McGowan v. Maryland, 366 U.S. 420 (1961)
McGowan v. Maryland
No. 8
Argued December 8, 1960
Decided May 29, 1961
366 U.S. 420
APPEAL FROM THE COURT OF APPEALS OF MARYLAND
Syllabus
Appellants, employees of a large department store on a highway in Anne Arundel County, Md., were convicted and fined in a Maryland State Court for selling on Sunday a loose-leaf binder, a can of floor wax, a stapler, staples and a toy, in violation of Md.Ann.Code, Art. 27, § 521, which generally prohibits the sale on Sunday of all merchandise except the retail sale of tobacco products, confectioneries, milk, bread, fruit, gasoline, oils, greases, drugs, medicines, newspapers and periodicals. Recent amendments now except from the prohibition the retail sale in Anne Arundel County of all foodstuffs, automobile and boating accessories, flowers, toilet goods, hospital supplies and souvenirs, and exempt entirely any retail establishment in that County which employs not more than one person other than the owner. There are many other Maryland laws which prohibit specific activities on Sundays or limit them to certain hours, places or conditions.
Held: Art. 27, § 521 does not violate the Equal Protection or Due Process Clause of the Fourteenth Amendment or constitute a law respecting an establishment of religion, within the meaning of the First Amendment, which is made applicable to the States by the Fourteenth Amendment. Pp. 422-453.
1. Art. 27, § 521 does not violate the Equal Protection Clause of the Fourteenth Amendment. Pp. 425-428.
(a) On the record in this case, it cannot be said that the classifications made by the statute are without rational and substantial relation to the objects of the legislation, so as to exceed the wide discretion permitted the States in enacting laws which affect some groups of citizens differently from others. Pp. 425-427.
(b) Provisions of the statute which permit only certain Anne Arundel County retailers to sell merchandise essential to, or customarily sold at, or incidental to, the operation of bathing beaches, amusement parks, etc., do not discriminate invidiously against retailers in other Maryland counties. P. 427.
(c) The Equal Protection Clause is not violated by Art . 27, § 509, which permits only certain merchants in Anne Arundel County (operators of bathing beaches, amusement parks, etc.) to sell merchandise customarily sold at such places while forbidding its sale by other vendors, such as appellants’ employer. Pp. 427-428.
2. Art. 27, § 509, which exempts retail sales of "merchandise essential to, or customarily sold at, or incidental to, the operation of" bathing beaches, amusement parks, etc., is not so vague as to violate the Due Process Clause of the Fourteenth Amendment.

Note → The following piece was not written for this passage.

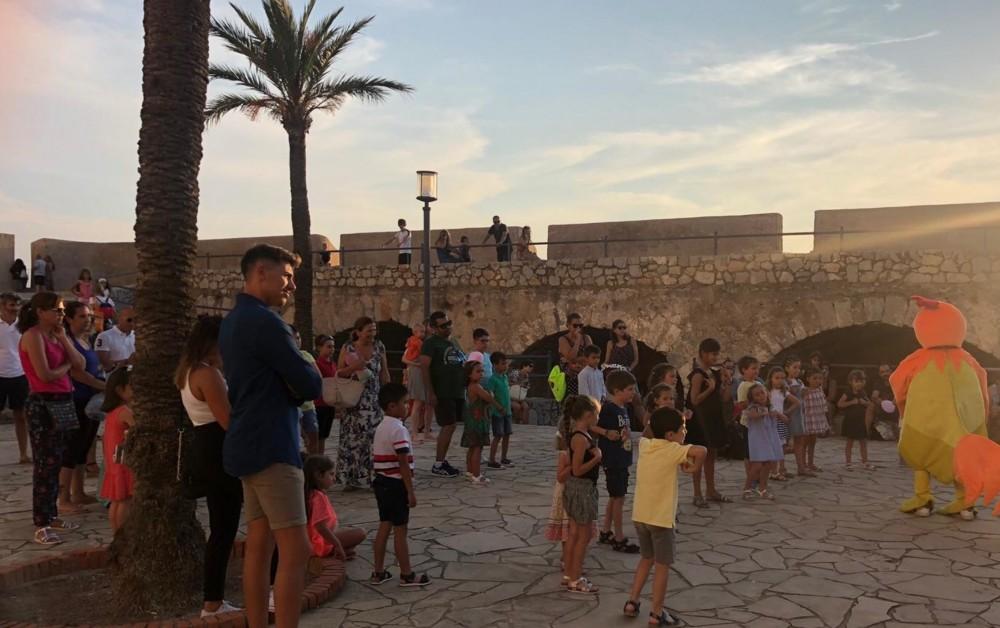 En la zona d’accés als Jardins del Castell, en la Bateria del Calvari, es duen a terme els sis espectacles programats, que han començat aquest dimecres i que estan orientats al públic infantil.

Pp. 428-429.
3. Art. 27, § 521 is not a law respecting an establishment of religion, within the meaning of the First Amendment. Pp. 429-453.
(a) Since appellants allege only economic injury to themselves, and do not allege any infringement of their own religious freedoms, they have no standing to raise the question whether the statute prohibits the free exercise of religion, contrary to the First Amendment. Pp. 429-430.

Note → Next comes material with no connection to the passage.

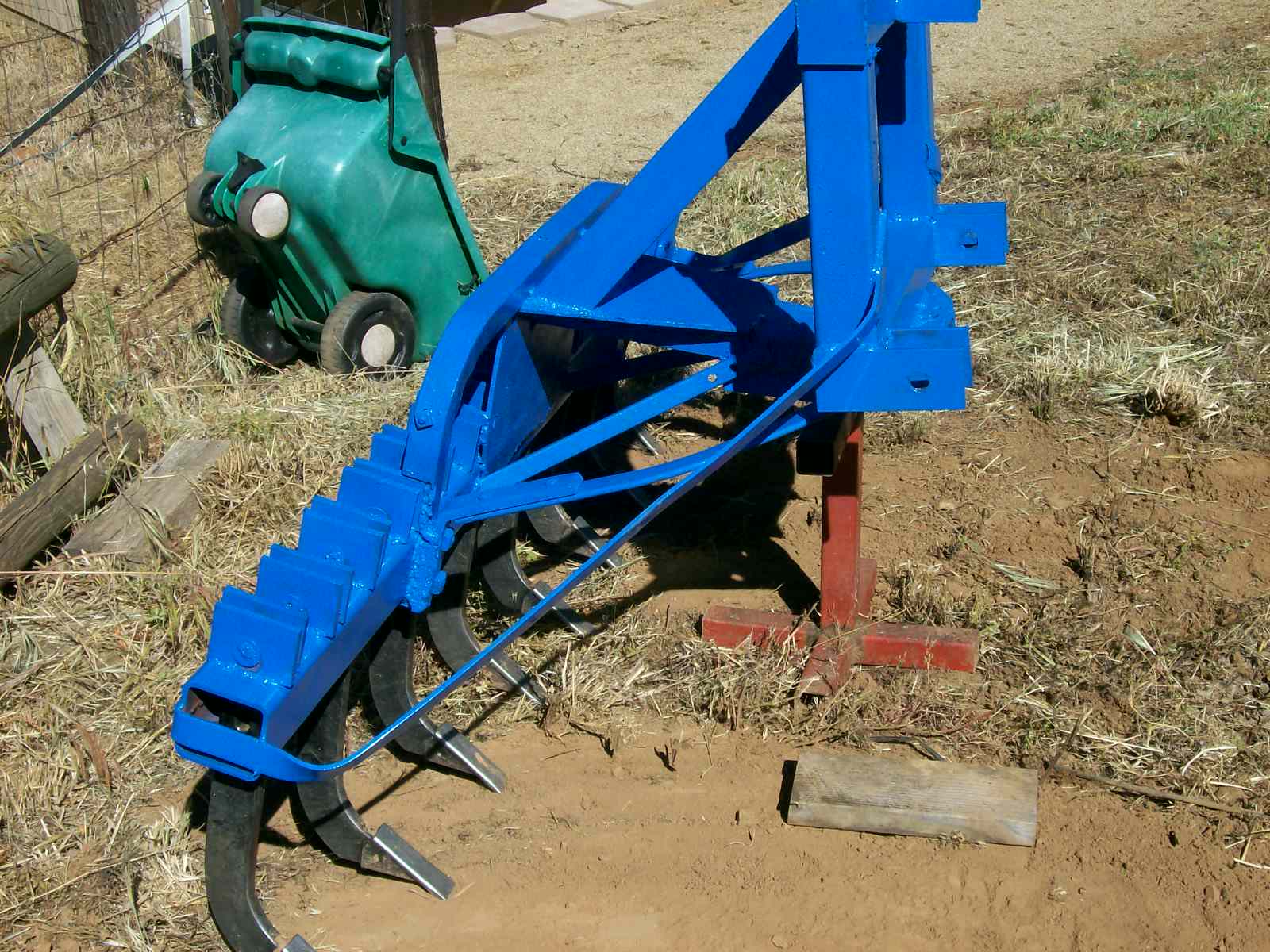 A 8 shank ripper that I made from a old single gang disk frame . What started out life as a 2 gang pull disk was converted to a single gang 3 point disk , then everything that was from the axle mounts on ward was cut off , braced , and the 4" x 4" x .25" tubing with shanks was added . Can pull it side hill or downhill with my TC30 , but uphill get's a little iffy when I try to go to maximum depth .
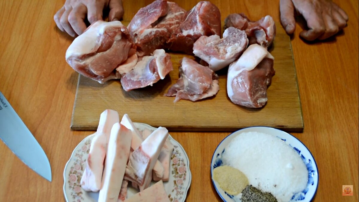 Мясо и сало подмораживаем в морозилке, воду так же хорошо охлаждаем.

(b) Since appellants have suffered direct economic injury, allegedly due to the imposition on them of the tenets of the Christian religion, they have standing to complain that the statute is a law respecting an establishment of religion. Pp. 430-431.

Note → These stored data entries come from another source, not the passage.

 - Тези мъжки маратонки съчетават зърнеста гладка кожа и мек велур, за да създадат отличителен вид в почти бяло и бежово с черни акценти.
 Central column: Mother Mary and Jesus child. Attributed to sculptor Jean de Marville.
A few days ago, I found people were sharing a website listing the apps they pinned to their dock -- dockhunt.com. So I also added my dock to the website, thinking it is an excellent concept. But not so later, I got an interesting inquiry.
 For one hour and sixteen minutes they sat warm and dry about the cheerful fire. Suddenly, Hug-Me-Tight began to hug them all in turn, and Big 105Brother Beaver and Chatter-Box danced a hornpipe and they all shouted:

(c) In the light of the evolution of our Sunday Closing Laws through the centuries, and of their more or less recent emphasis upon secular considerations, it is concluded that, as presently written and administered, most of them, at least, are of a secular, rather than of a religious, character, and that presently they bear no relationship to establishment of religion, as those words are used in the Constitution of the United States. Pp. 431-444.
(d) The present purpose and effect of most of our Sunday Closing Laws is to provide a uniform day of rest for all citizens, and the fact that this day is Sunday, a day of particular significance for the dominant Christian sects, does not bar the State from achieving its secular goals. Pp. 444-445.
(e) After engaging in the close scrutiny demanded of it when First Amendment liberties are at issue, this Court accepts the determination of the State Supreme Court that the present purpose and effect of the statute here involved is not to aid religion, but to set aside a day of rest and recreation. Pp. 445-449.
(f) This Court rejects appellants’ contention that the State has other means at its disposal to accomplish its secular purpose that would not even remotely or incidentally give state aid to religion. Pp. 449-453.
220 Md. 117, 151 A.2d 156, affirmed.